Given that 𝑛 is an integer, simplify 𝑖^(16𝑛 − 35).

02:14

### Video Transcript

Given that 𝑛 is an integer, simplify 𝑖 to the power of 16𝑛 minus 35.

Remember the cycle that helps us remember the identities for various powers of 𝑖 is as shown. So we can do one of two things. Our first method is to use the laws of exponents to essentially unsimplify our expression a little. We know that 𝑥 to the power of 𝑎 times 𝑥 to the power of 𝑏 is the same as 𝑥 to the power of 𝑎 plus 𝑏. So we can reverse this and say that 𝑖 to the power of 16𝑛 minus 35 is equal to 𝑖 to the power of 16𝑛 times 𝑖 to the power of negative 35.

𝑖 to the power of 16𝑛 can actually be further written as 𝑖 to the power of four to the power of four 𝑛. This corresponds to the part of our cycle 𝑖 to the power of four 𝑛. So we can see that 𝑖 to the power of 16𝑛 can be written as one. And what about 𝑖 to the power of negative 35? This one is a little more complicated. We’re going to write negative 35 in the form four 𝑎 plus 𝑏, where 𝑏 can take the values zero, one, two, or three to correspond with the values in our cycle. It’s the same as four times negative nine plus one.

Remember four times negative nine is negative 36 and adding one gets us negative 35. And we chose negative nine instead of negative eight as we needed 𝑏 to be zero, one, two, or three.
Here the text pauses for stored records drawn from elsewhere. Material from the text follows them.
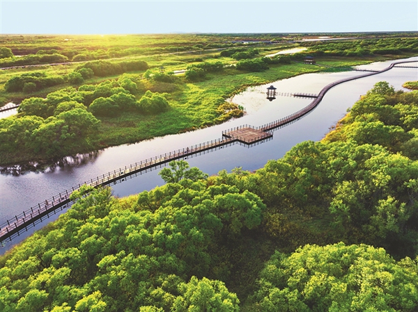 在黑瞎子島濕地公園,登上全景平臺(tái),游客可以一覽濕地全貌,體會(huì)親水、親綠、親近自然的愜意。2256米的漂浮式木棧道九曲回廊,浮筒的設(shè)計(jì)使浮橋水漲橋漲、水降橋降。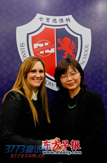 昨日,七宝德怀特高中的美方校长龙梅(左)与中方校长王芳握手。 早报记者 张栋 图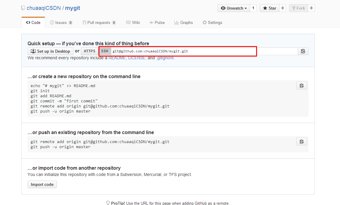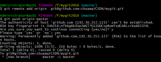 $ git remote add origin git@github.com:chuaaqiCSDN/mygit.git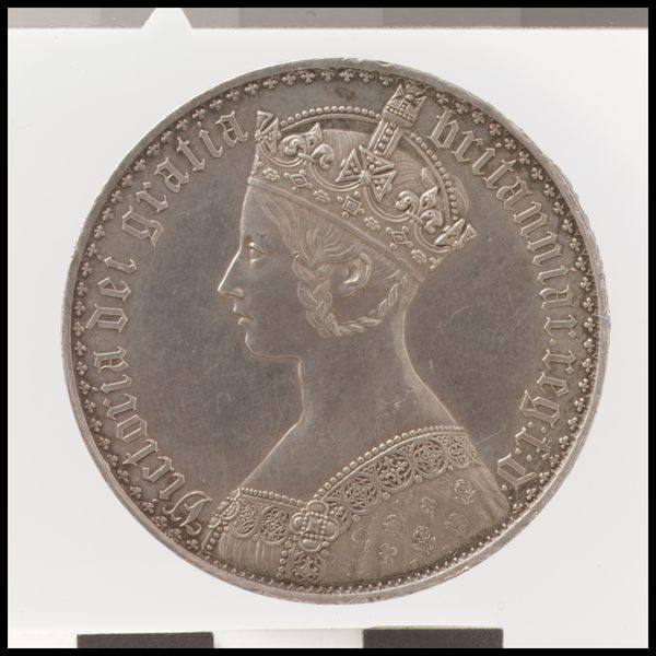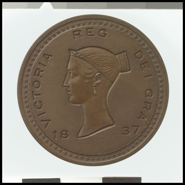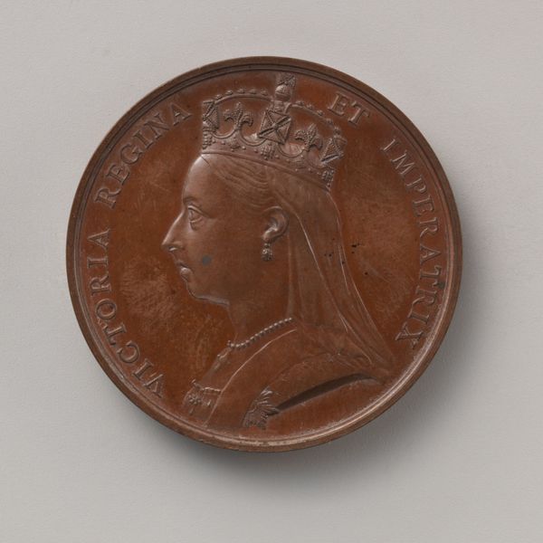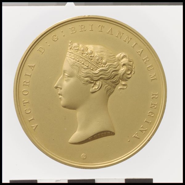 This is a gold medal of Queen Victoria, made by Leonard Charles Wyon in England. It depicts Victoria in profile, wearing a crown and veil, and is inscribed with the words "Victoria Regina et Imperatrix," meaning "Victoria, Queen and Empress." The medal reflects the social and political context of Victorian England. As Queen, Victoria was the head of state and a symbol of national identity. The medal, which was made during the height of the British Empire, served as a propaganda tool, promoting the image of Victoria as a powerful and benevolent ruler. It’s important to remember that this image was carefully constructed and disseminated through official channels. To truly understand the medal, we need to consider the social conditions that shaped its production. Looking at the history of the British Empire, the role of the monarchy, and the development of visual culture in the Victorian era allows us to understand the medal as a product of its time.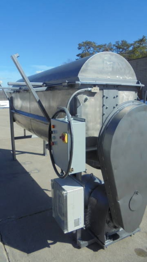 1-Used Readco Approx. 50 Cu. Ft. Stainless Steel Double Ribbon Blender, S/N 91899. Trough dimensions approx. 30 In. Wide X 120 In. Long, bender is roller chain driven by 10 HP, 3/60/220-440 Volt motor through Falk speed reducer. With starter box, blender has Yaskawa P1000 digital variable frequency drive . With approx. 6 In. diameter center bottom discharge “butterfly” valve, blender is on leg with leg extensions. (Stock #8178B)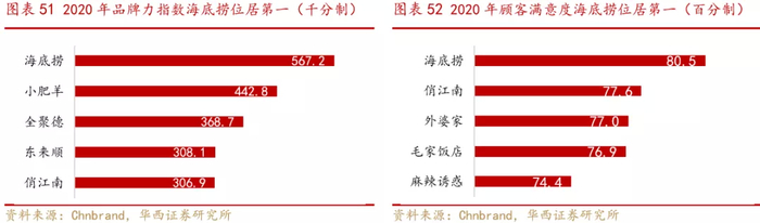 在规模扩张的同时,海底捞通过极致热情的服务打造差异化的品牌形象,同时积极通过社交媒体、冠名赞助等途径进行营销,如2011年一度在微博走红的“海底捞体”、2016年海底捞冠名赞助的中国火锅出品大赛等。近年来海底捞已成为我国第一火锅品牌,在权威品牌评级机构Chnbrand发布的中国品牌力指数榜单中,海底捞已连续三年位居中式连锁餐饮品牌之首,在顾客满意度榜单和顾客推荐度榜单中海底捞也位居榜首。海底捞的品牌影响力不仅仅体现在火锅业态中,在火锅底料产品中海底捞也是高端火锅料产品的代表,消费者品牌认知度高。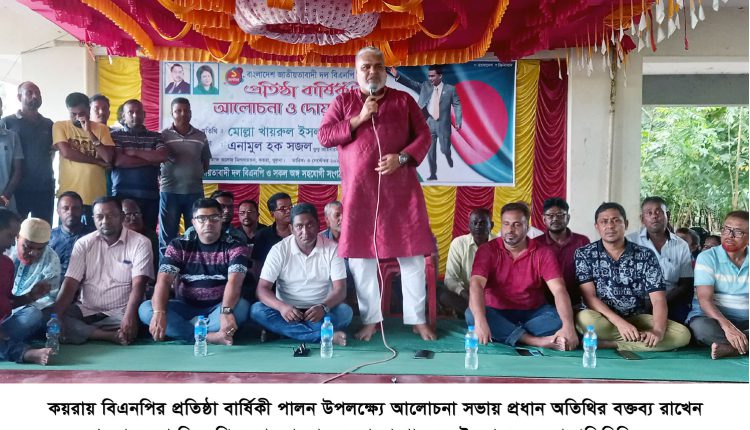কয়রা(খুলনা)প্রতিনিধিঃ বাংলাদেশ জাতীয়তাবাদী দল বিএনপির ৪৭ তম প্রতিষ্ঠা বার্ষিকী পালন উপলক্ষে আলোচনা ও দোয়া মাহফিল অনুষ্ঠিত হয়েছে।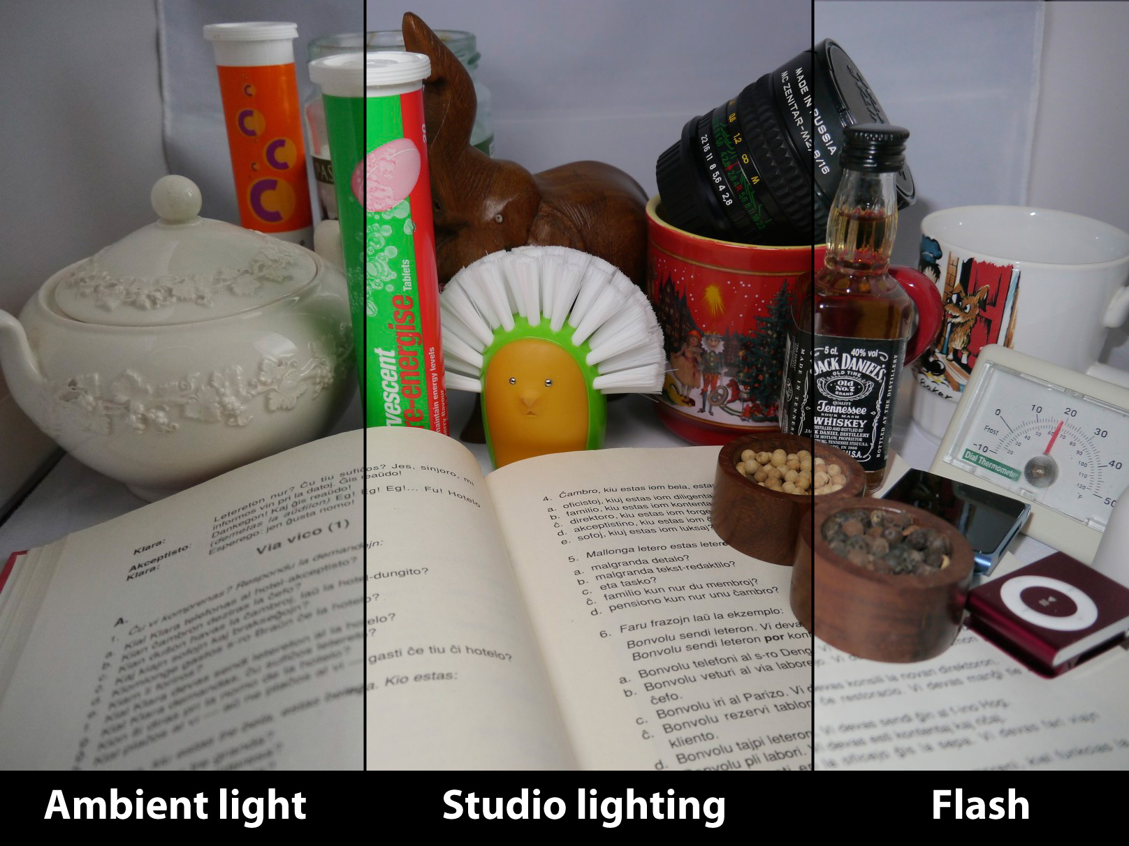Turning to our regular still-life test, we shot a collection of everyday objects, once under studio lighting and then again using available ambient light and the GX1's onboard flash, which pops forward and up from the top of the body on an articulated arm so that the protruding lens barrel won't cast a shadow on your subject.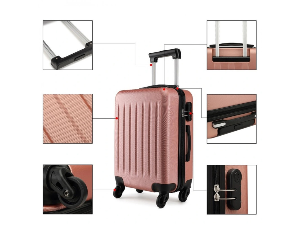 Kufre sú vyrobené z materiálu ABS s hliníkovou výsuvnou rukoväťou a TSA číselným zámkom. Materiál ABS je pevný, ponúka odolnosť proti poškriabaniu a je vhodný do nízkych teplôt. Tento materiál nie je tak pružný ako polypropylén, ale pre nenáročné cesty je plne postačujúci.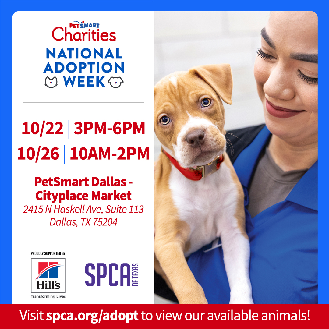 Mobile Adoptions @ PetSmart Cityplace Market – PetSmart National Adoption Week Oct 26 @ 10:00 am - 2:00 pm Join the SPCA of Texas during PetSmart Charities National Adoption Week October 20-26! Stop by one of our participating PetSmart locations to celebrate this special week and to bring joy to a homeless shelter pet. Cats and kittens are available for adoption... Location / PetSmart City Place, 2415 N Haskell Ave. STE 113Dallas, Event Details
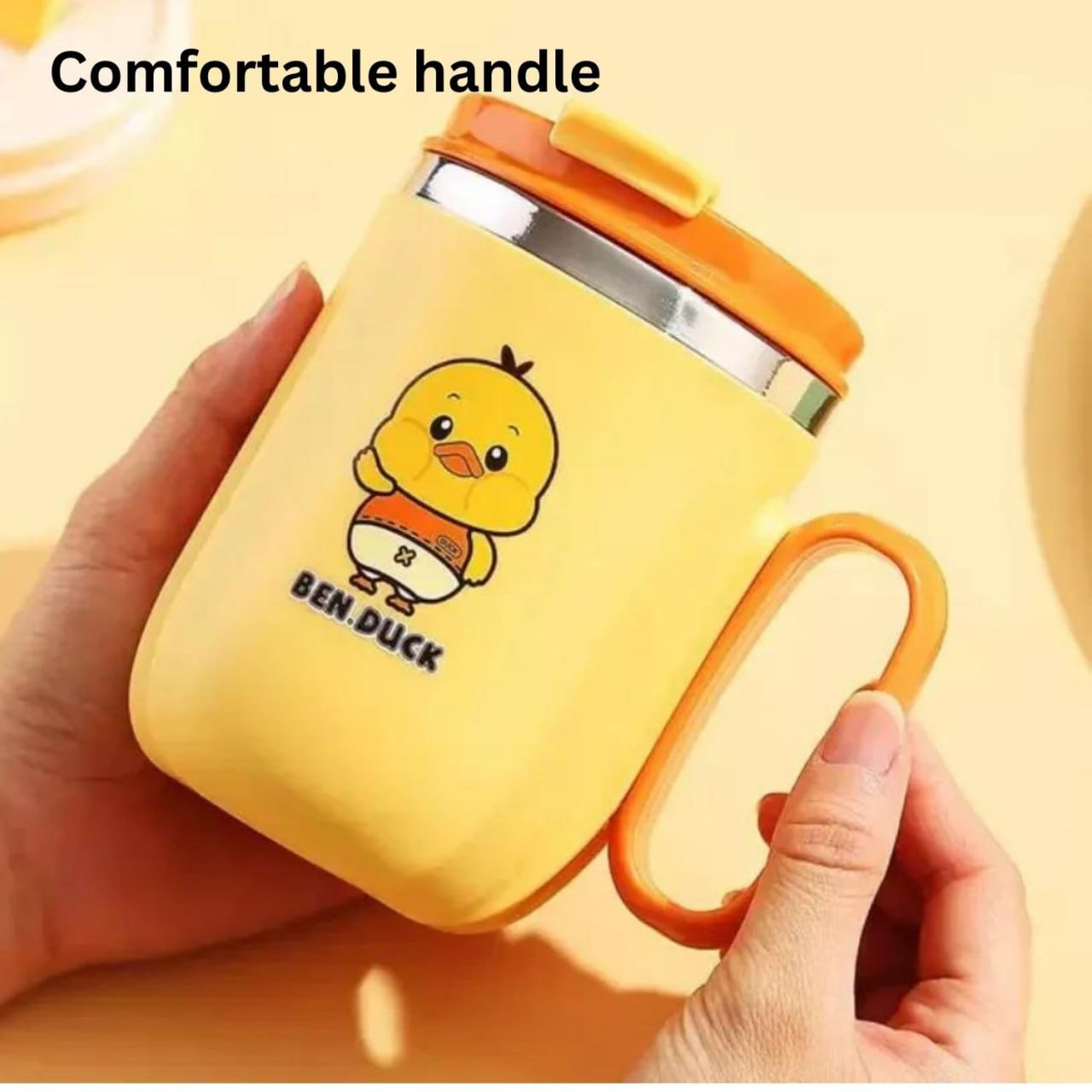 Adorable cartoon mug designed for kids with a comfortable handle and spill-resistant lid. Perfect for milk, juice, water, or warm drinks at home or school.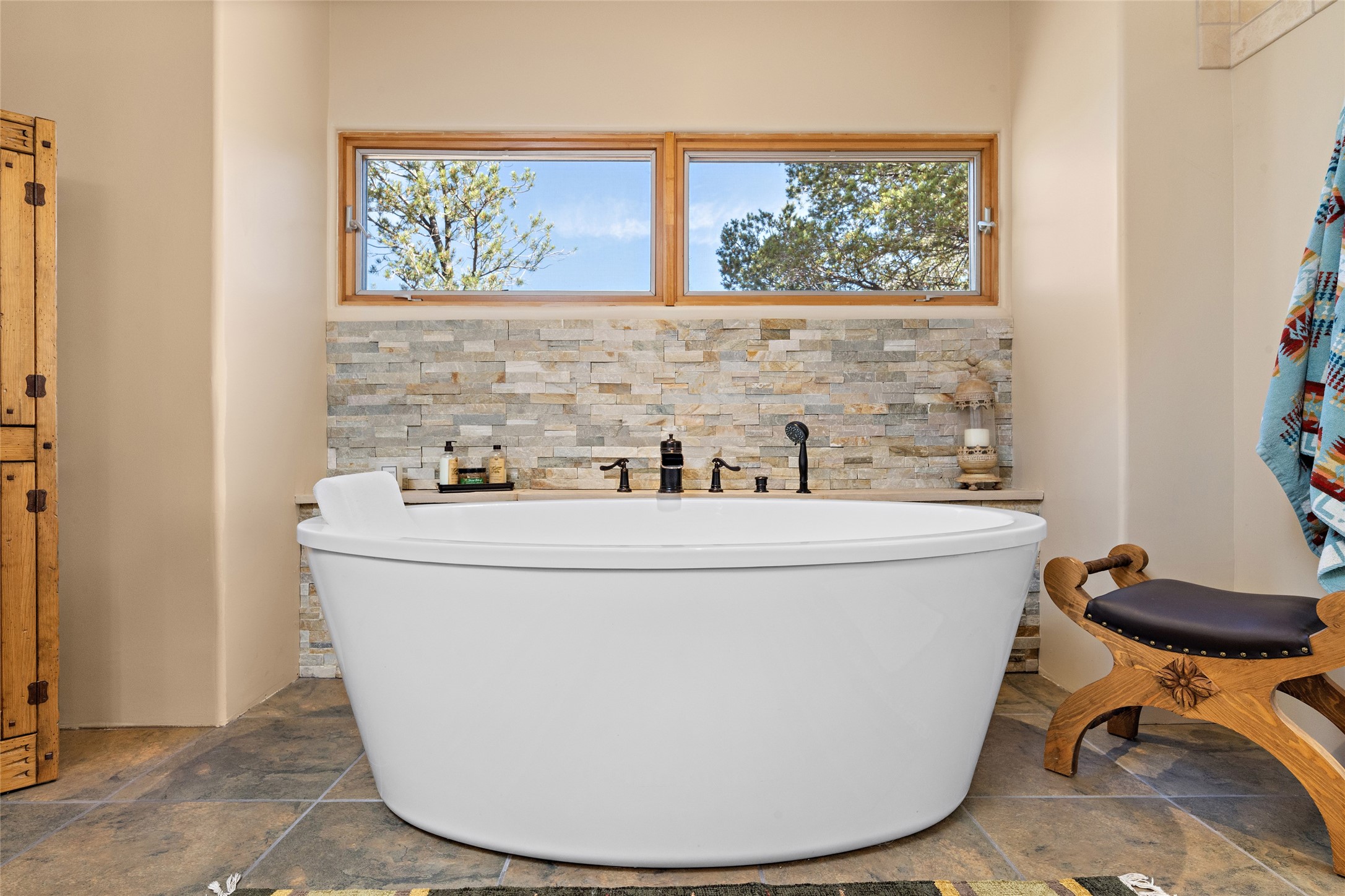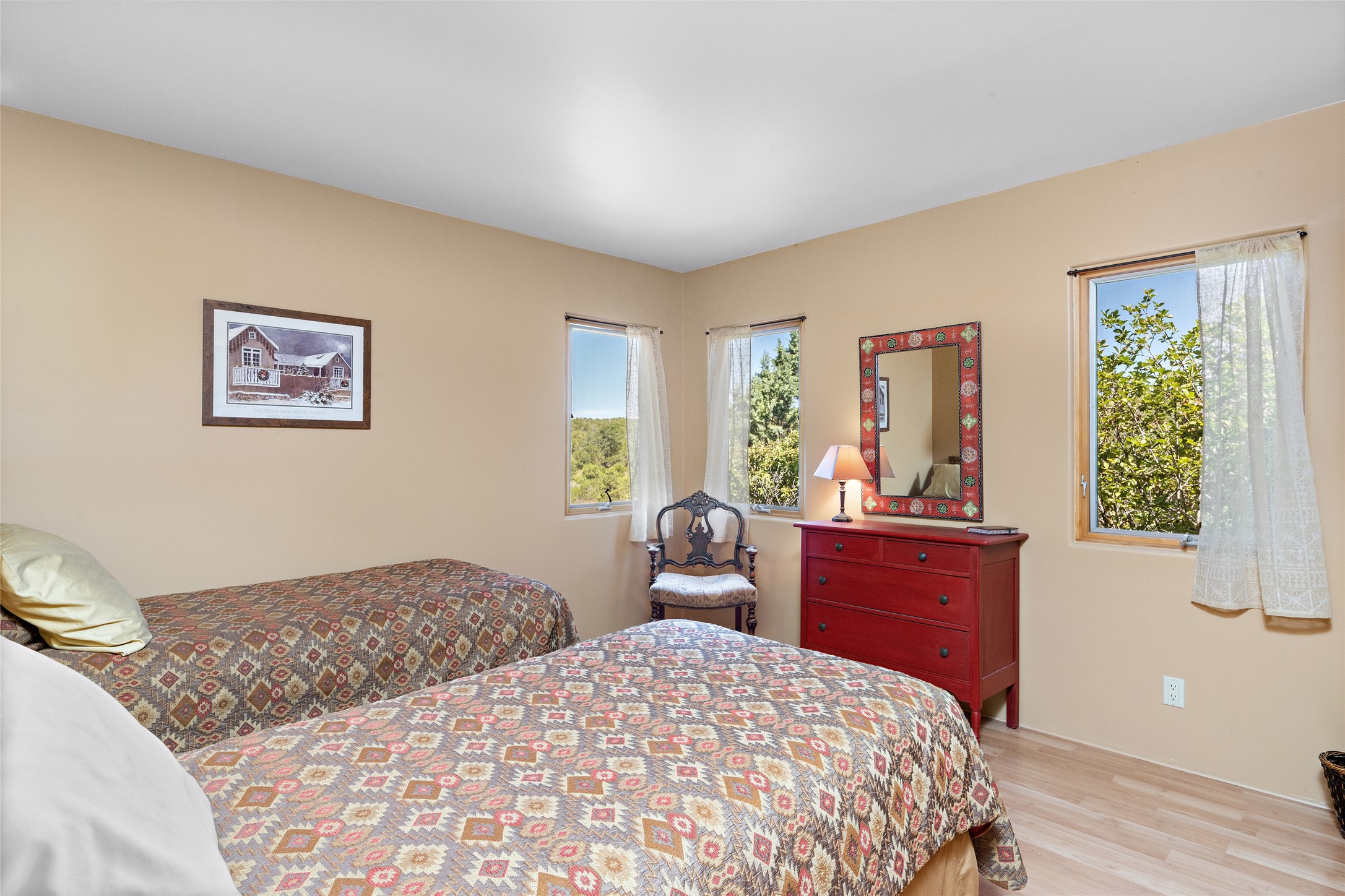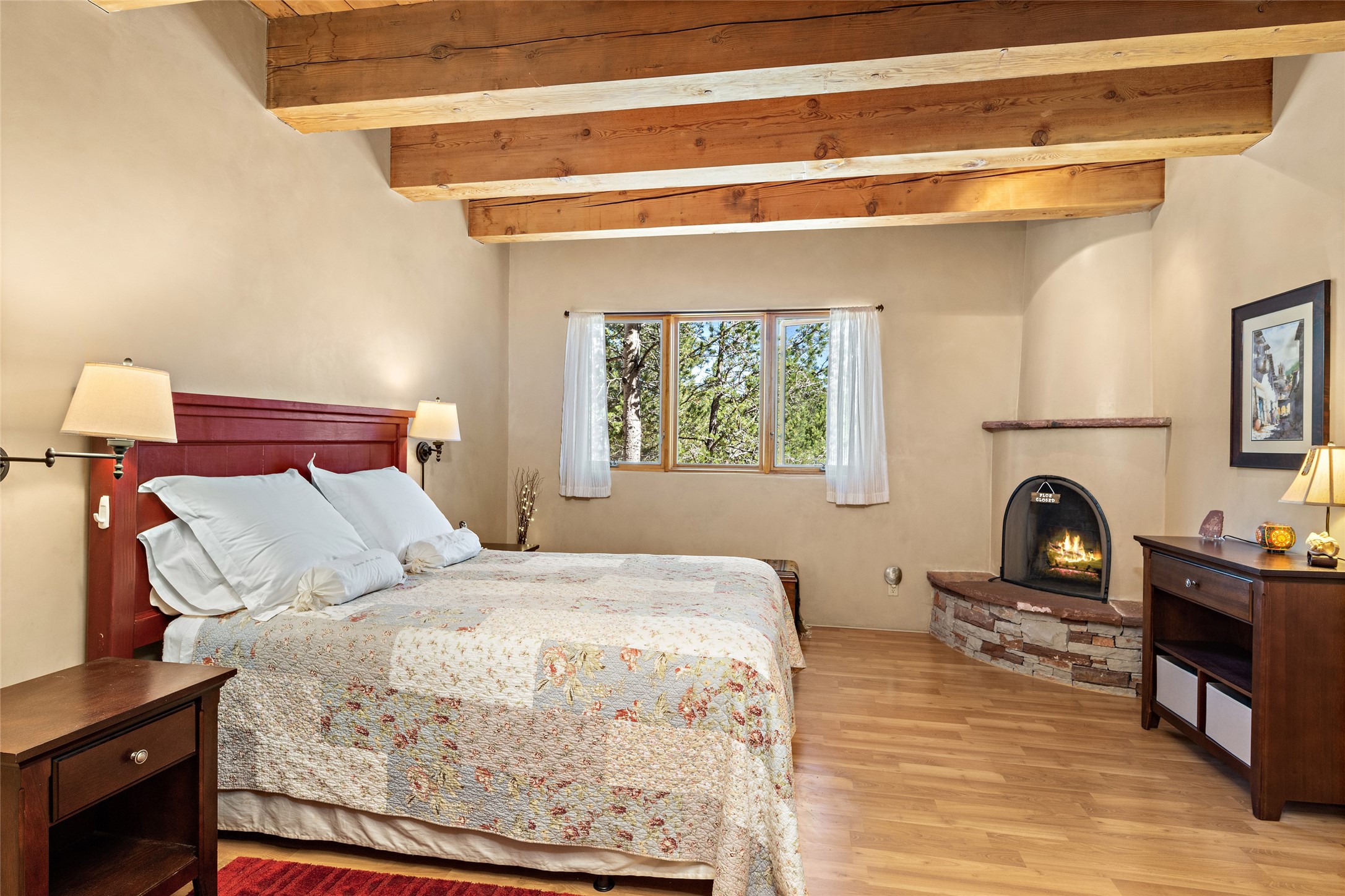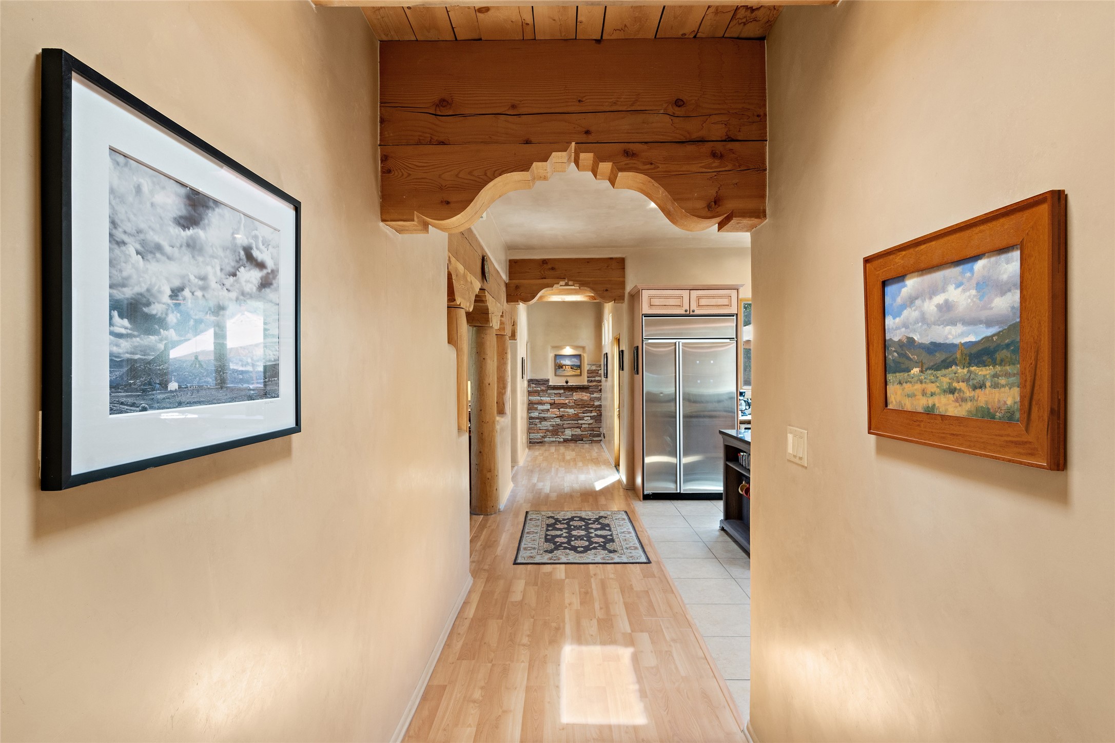 Located in the popular Alteza Estates neighborhood, this stunning home sits on 2.5+ nicely wooded acres and features an open floorplan combining living, dining and kitchen - ideal for entertaining. Dramatic beams and corbels in the majority of the home and hand-troweled plaster in the public areas. Remodeled kitchen has deep soft close drawers, stainless appliances, generous pantry with wine fridge and an island with storage and a granite countertop. Two woodburning fireplaces to enjoy - one in the living room and the other in the primary bedroom. Primary bath has 70-gallon soaking tub, large separate shower and double sinks. Very nice bedroom separation. Pretty gallery hallway to display family photos or artwork. Lush and established landscaping provide a private sanctuary complete with a night sky ramada to check out the milky way nearly every night. Fix My Roof complete silicone coating in 2019. Ten-year transferrable warranty. NO CARPET, NO STEPS. Finished 2-car attached garage. Close to shopping, hiking and parks. All this and on a paved road too! Four minisplits for heat and air conditioning are scheduled to be installed by October 4. Domestic plumbing supply is copper.

And we certainly don’t want it to be a negative value. So 𝑖 to the power of negative 35 will have the same result as 𝑖 to the power of four 𝑛 plus one in our cycle; that’s 𝑖. So 𝑖 to the power of 16𝑛 minus 35 is one multiplied by 𝑖 which is 𝑖.

Let’s have a look at the alternative method. Here we would have jumped straight into writing the power — that’s 16 𝑛 minus 35 — in the form four 𝑎 plus 𝑏, where 𝑏 again is zero, one, two, or three. We can write 16𝑛 as four times four 𝑛 and negative 35 as four times negative nine plus one. We can factor this expression and we see that 16 𝑛 minus 35 is the same as four multiplied by four 𝑛 minus nine plus one. So we can see that once again 𝑖 to the power of 16𝑛 minus 35 will have the same result as 𝑖 to the power of four 𝑛 plus one in our cycle; that’s 𝑖.